What this task involves: All of the listing, from first line to last, should be output exactly; the pictures stay out.

Source material:

========================================================================

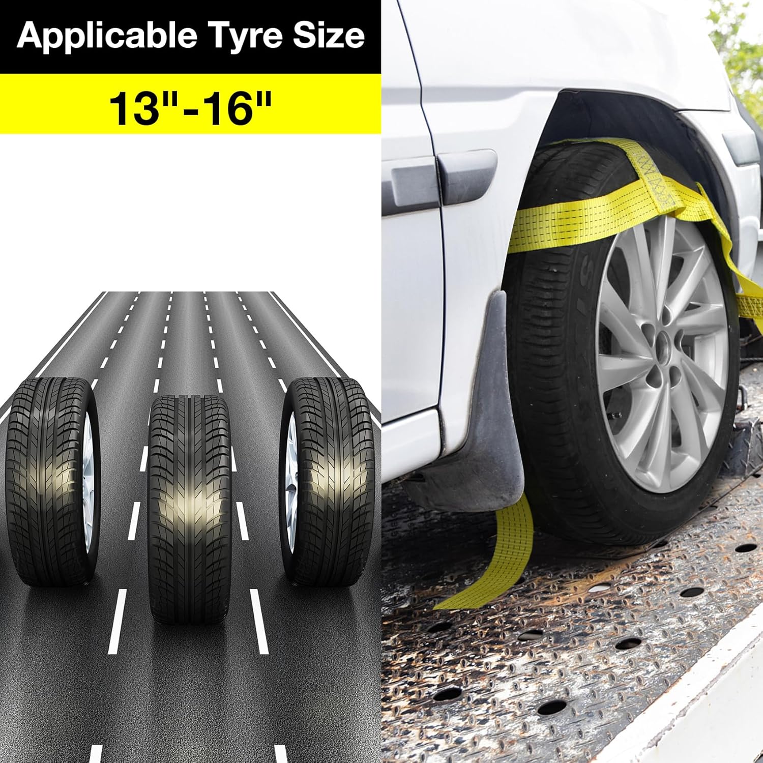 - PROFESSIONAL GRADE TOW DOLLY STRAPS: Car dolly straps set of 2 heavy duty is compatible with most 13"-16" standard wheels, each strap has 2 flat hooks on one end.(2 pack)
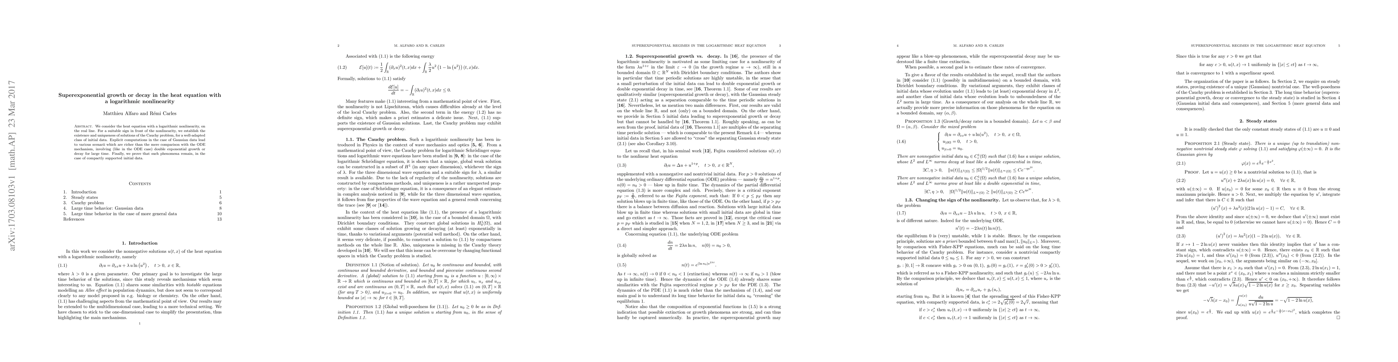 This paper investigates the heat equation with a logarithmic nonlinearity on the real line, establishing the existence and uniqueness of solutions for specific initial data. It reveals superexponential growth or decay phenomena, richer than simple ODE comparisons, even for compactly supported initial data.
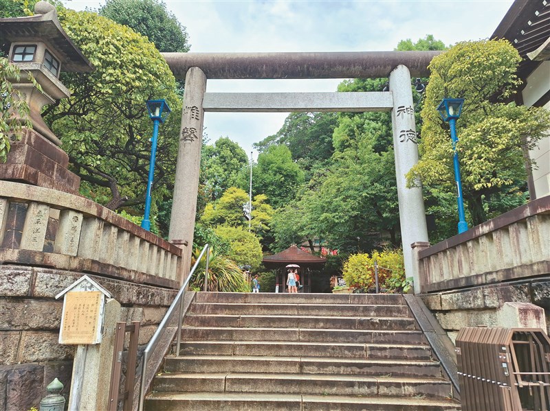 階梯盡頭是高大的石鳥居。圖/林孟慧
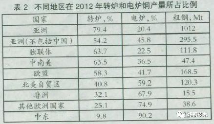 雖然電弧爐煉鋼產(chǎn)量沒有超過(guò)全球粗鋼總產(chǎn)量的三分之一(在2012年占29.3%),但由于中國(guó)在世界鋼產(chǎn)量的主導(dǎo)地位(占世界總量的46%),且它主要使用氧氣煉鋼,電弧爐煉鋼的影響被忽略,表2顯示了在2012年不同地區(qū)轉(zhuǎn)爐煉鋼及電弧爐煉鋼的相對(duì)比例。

========================================================================

Response:
 - PROFESSIONAL GRADE TOW DOLLY STRAPS: Car dolly straps set of 2 heavy duty is compatible with most 13"-16" standard wheels, each strap has 2 flat hooks on one end.(2 pack)
 This paper investigates the heat equation with a logarithmic nonlinearity on the real line, establishing the existence and uniqueness of solutions for specific initial data. It reveals superexponential growth or decay phenomena, richer than simple ODE comparisons, even for compactly supported initial data.
 階梯盡頭是高大的石鳥居。圖/林孟慧
 雖然電弧爐煉鋼產(chǎn)量沒有超過(guò)全球粗鋼總產(chǎn)量的三分之一(在2012年占29.3%),但由于中國(guó)在世界鋼產(chǎn)量的主導(dǎo)地位(占世界總量的46%),且它主要使用氧氣煉鋼,電弧爐煉鋼的影響被忽略,表2顯示了在2012年不同地區(qū)轉(zhuǎn)爐煉鋼及電弧爐煉鋼的相對(duì)比例。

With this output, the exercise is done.